• WHAT THE TASK ASKS:
In this exercise, write out the data word for word and leave every image out.

• TASK INPUT:
----------------

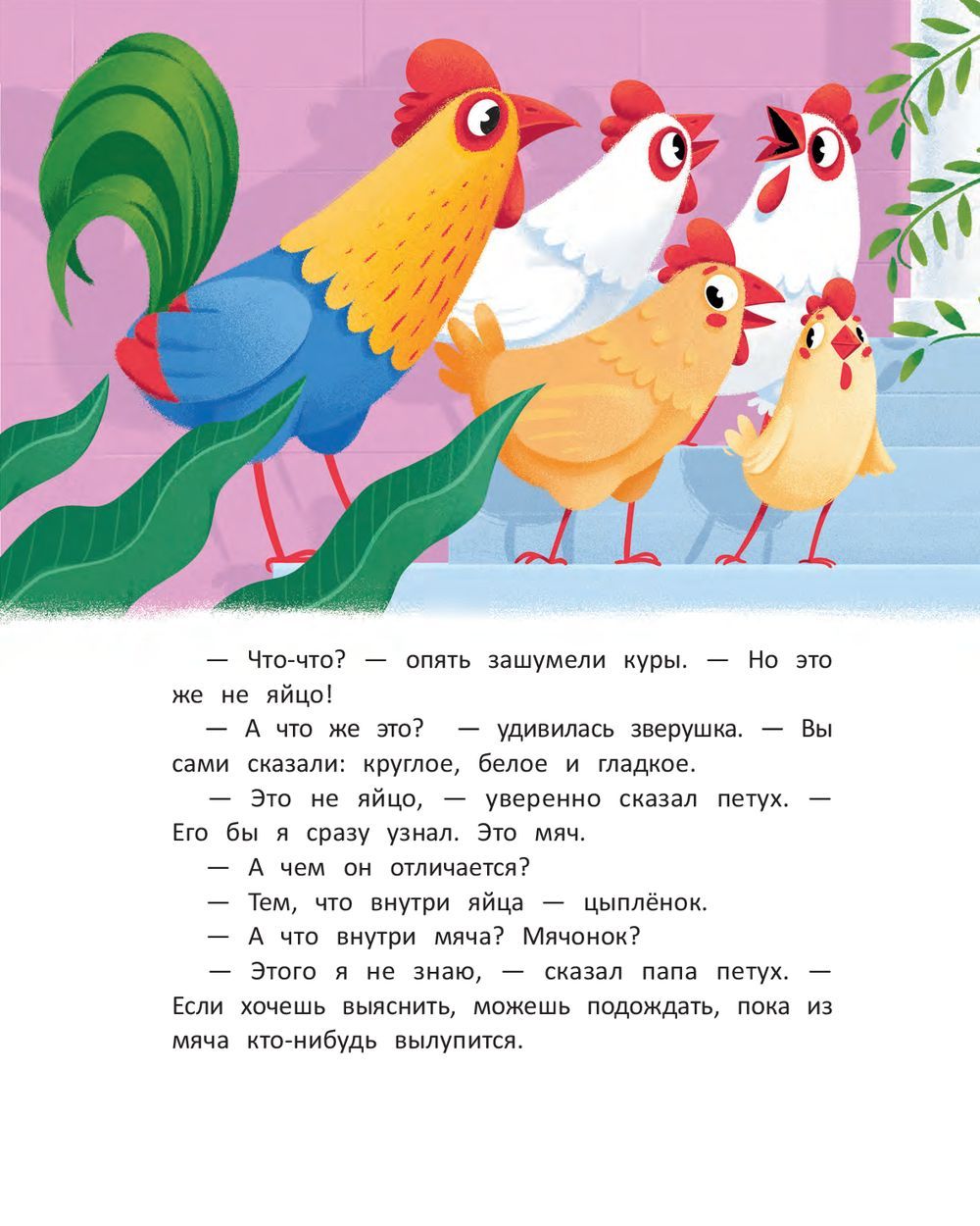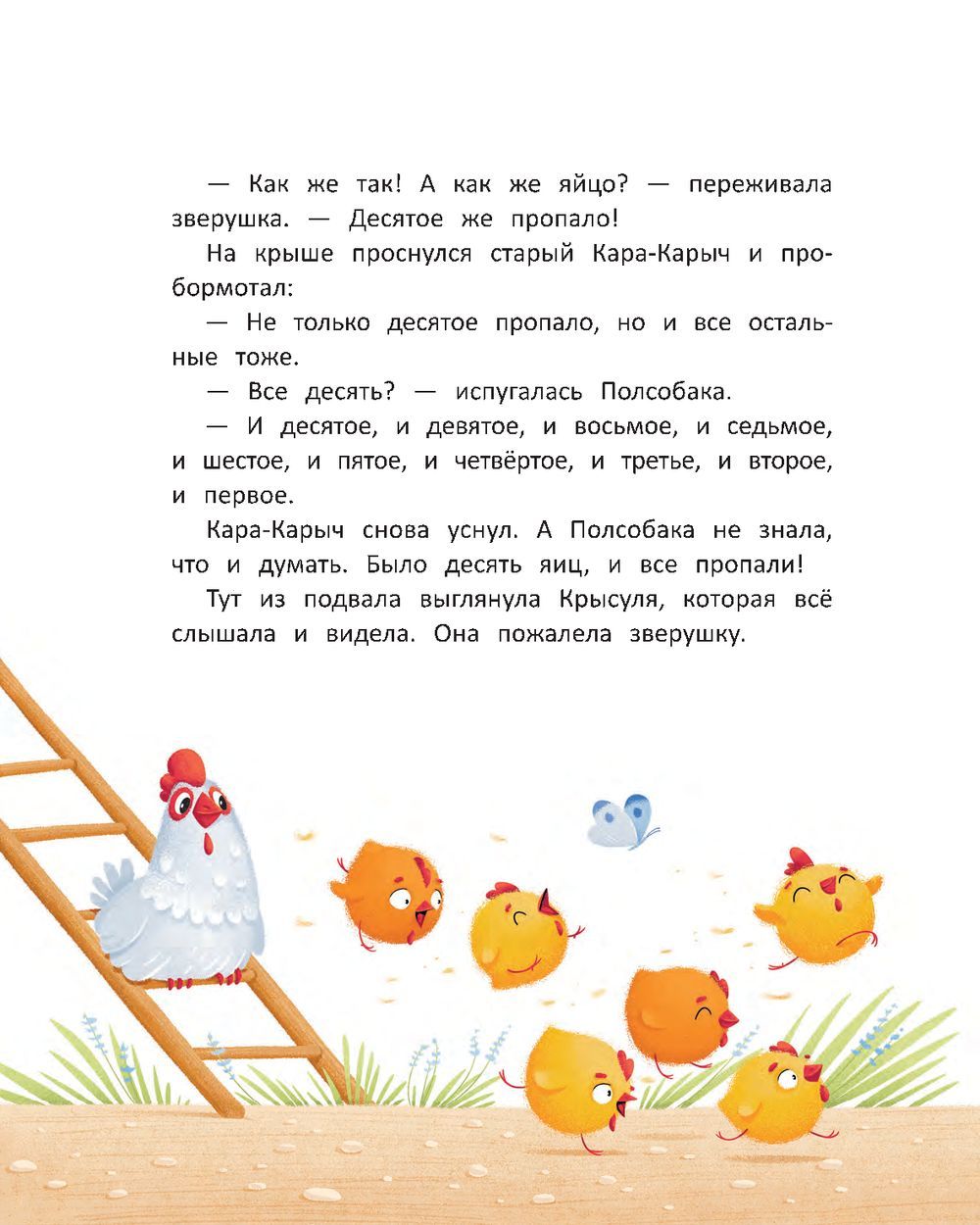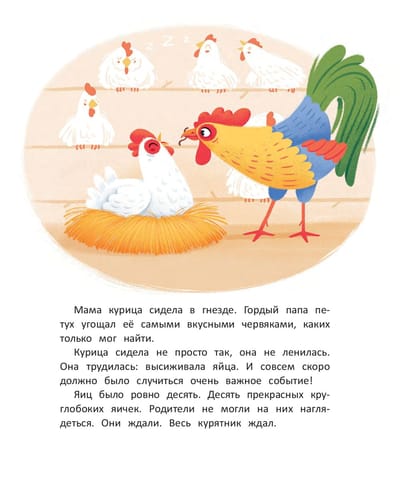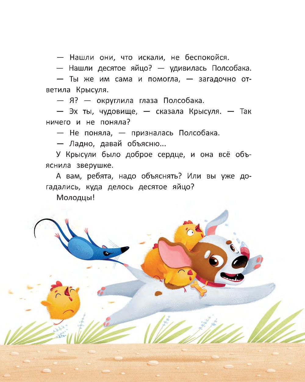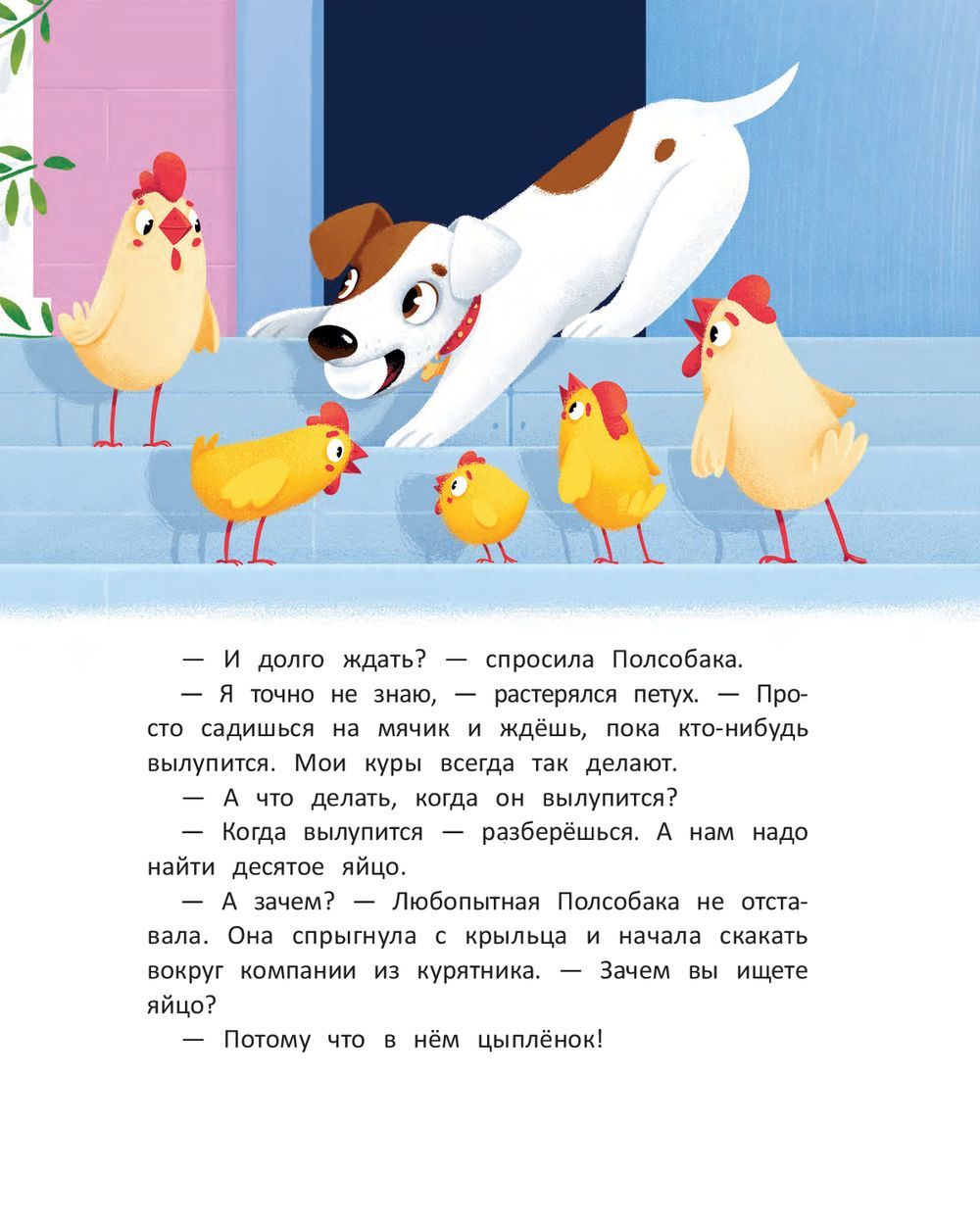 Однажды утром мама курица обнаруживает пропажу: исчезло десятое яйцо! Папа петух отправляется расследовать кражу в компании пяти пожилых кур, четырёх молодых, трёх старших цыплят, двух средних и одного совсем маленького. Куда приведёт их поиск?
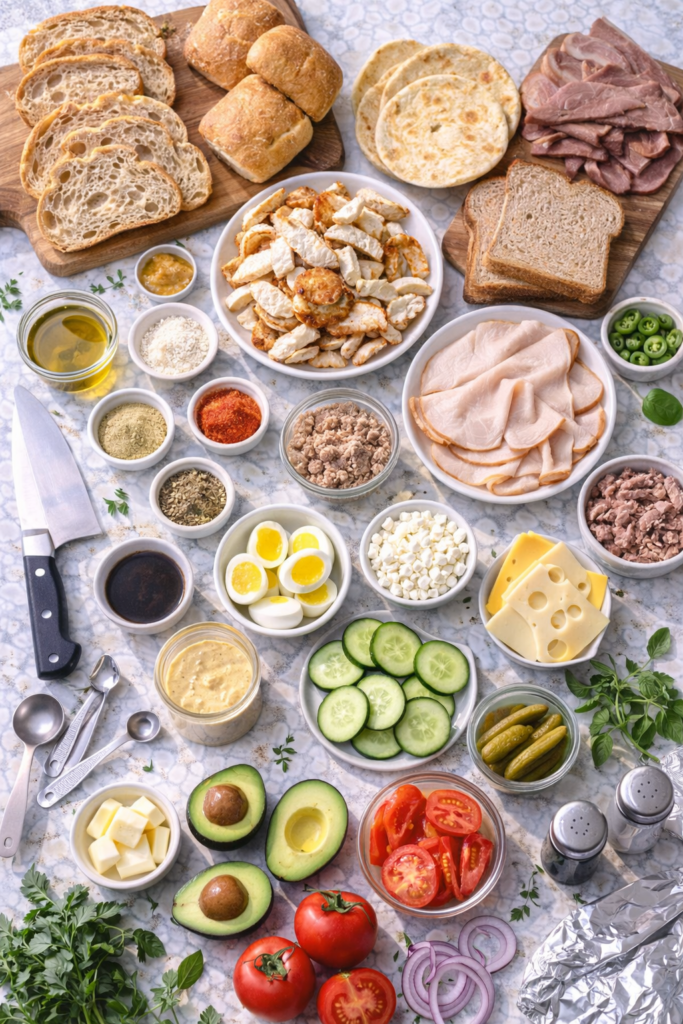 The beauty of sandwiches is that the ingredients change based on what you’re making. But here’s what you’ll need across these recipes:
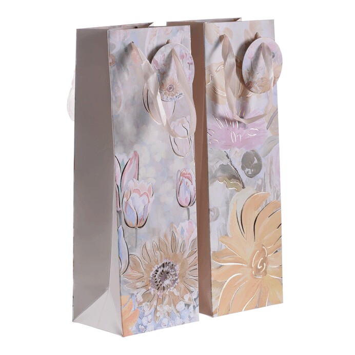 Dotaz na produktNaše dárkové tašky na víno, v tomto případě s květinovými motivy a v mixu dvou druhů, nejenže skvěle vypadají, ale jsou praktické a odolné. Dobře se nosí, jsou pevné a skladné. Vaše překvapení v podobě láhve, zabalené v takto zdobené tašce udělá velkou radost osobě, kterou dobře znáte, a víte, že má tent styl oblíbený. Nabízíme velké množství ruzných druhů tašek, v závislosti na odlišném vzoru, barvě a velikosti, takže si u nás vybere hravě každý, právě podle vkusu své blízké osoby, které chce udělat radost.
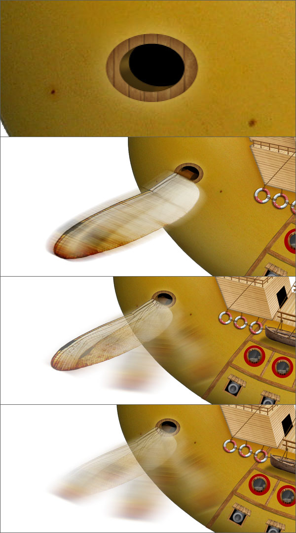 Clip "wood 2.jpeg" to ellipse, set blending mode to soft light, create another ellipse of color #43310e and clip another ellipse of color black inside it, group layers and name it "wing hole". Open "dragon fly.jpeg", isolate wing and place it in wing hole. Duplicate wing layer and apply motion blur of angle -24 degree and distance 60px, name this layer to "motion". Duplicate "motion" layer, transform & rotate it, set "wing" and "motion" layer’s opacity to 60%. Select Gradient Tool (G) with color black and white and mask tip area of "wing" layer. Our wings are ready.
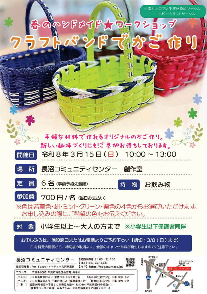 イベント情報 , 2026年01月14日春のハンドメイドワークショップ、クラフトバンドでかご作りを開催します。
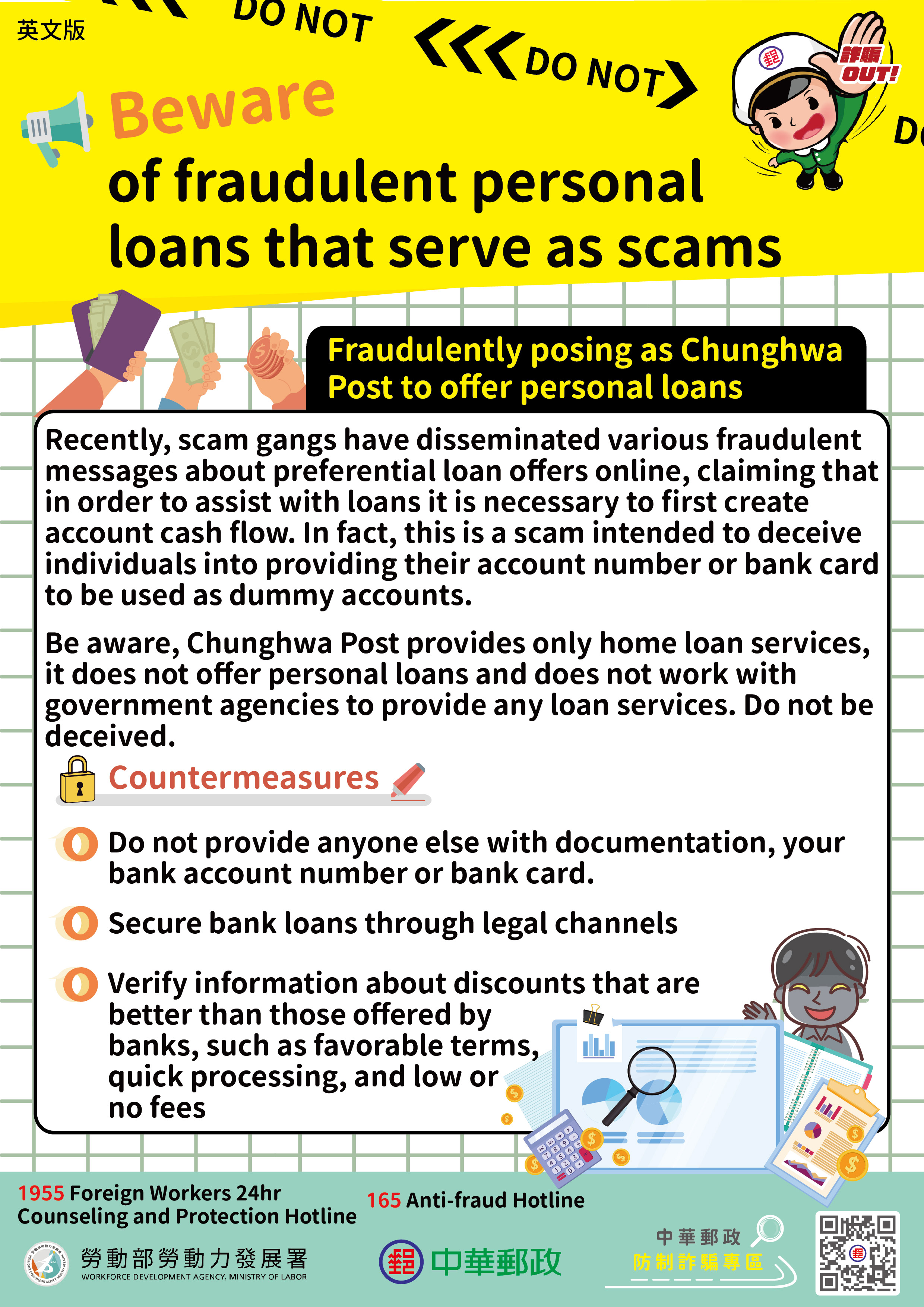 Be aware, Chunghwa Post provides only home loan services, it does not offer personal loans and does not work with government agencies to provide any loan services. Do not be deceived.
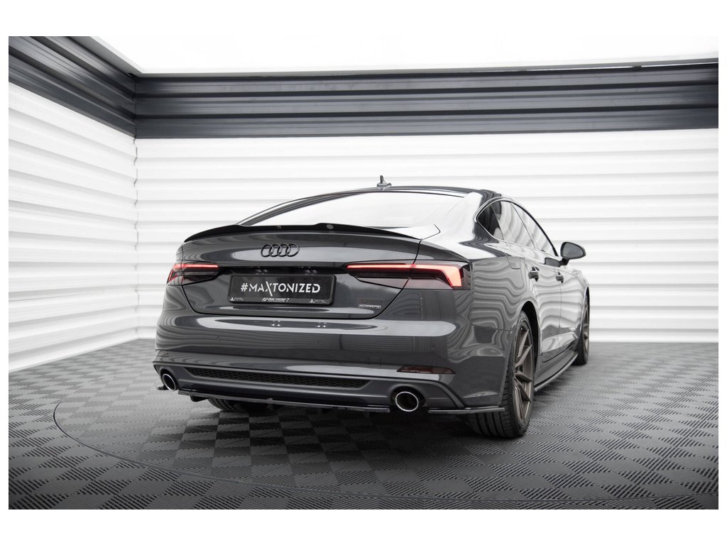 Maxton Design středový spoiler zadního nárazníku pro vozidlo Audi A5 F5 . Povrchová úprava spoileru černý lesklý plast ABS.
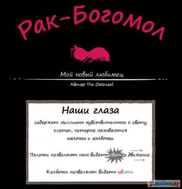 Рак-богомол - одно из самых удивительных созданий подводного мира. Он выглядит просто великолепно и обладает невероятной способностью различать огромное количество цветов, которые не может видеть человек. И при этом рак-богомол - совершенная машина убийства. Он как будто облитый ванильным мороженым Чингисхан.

----------------

• TASK ANSWER:
 Однажды утром мама курица обнаруживает пропажу: исчезло десятое яйцо! Папа петух отправляется расследовать кражу в компании пяти пожилых кур, четырёх молодых, трёх старших цыплят, двух средних и одного совсем маленького. Куда приведёт их поиск?
 The beauty of sandwiches is that the ingredients change based on what you’re making. But here’s what you’ll need across these recipes:
 Dotaz na produktNaše dárkové tašky na víno, v tomto případě s květinovými motivy a v mixu dvou druhů, nejenže skvěle vypadají, ale jsou praktické a odolné. Dobře se nosí, jsou pevné a skladné. Vaše překvapení v podobě láhve, zabalené v takto zdobené tašce udělá velkou radost osobě, kterou dobře znáte, a víte, že má tent styl oblíbený. Nabízíme velké množství ruzných druhů tašek, v závislosti na odlišném vzoru, barvě a velikosti, takže si u nás vybere hravě každý, právě podle vkusu své blízké osoby, které chce udělat radost.
 Clip "wood 2.jpeg" to ellipse, set blending mode to soft light, create another ellipse of color #43310e and clip another ellipse of color black inside it, group layers and name it "wing hole". Open "dragon fly.jpeg", isolate wing and place it in wing hole. Duplicate wing layer and apply motion blur of angle -24 degree and distance 60px, name this layer to "motion". Duplicate "motion" layer, transform & rotate it, set "wing" and "motion" layer’s opacity to 60%. Select Gradient Tool (G) with color black and white and mask tip area of "wing" layer. Our wings are ready.
 イベント情報 , 2026年01月14日春のハンドメイドワークショップ、クラフトバンドでかご作りを開催します。
 Be aware, Chunghwa Post provides only home loan services, it does not offer personal loans and does not work with government agencies to provide any loan services. Do not be deceived.
 Maxton Design středový spoiler zadního nárazníku pro vozidlo Audi A5 F5 . Povrchová úprava spoileru černý lesklý plast ABS.
 Рак-богомол - одно из самых удивительных созданий подводного мира. Он выглядит просто великолепно и обладает невероятной способностью различать огромное количество цветов, которые не может видеть человек. И при этом рак-богомол - совершенная машина убийства. Он как будто облитый ванильным мороженым Чингисхан.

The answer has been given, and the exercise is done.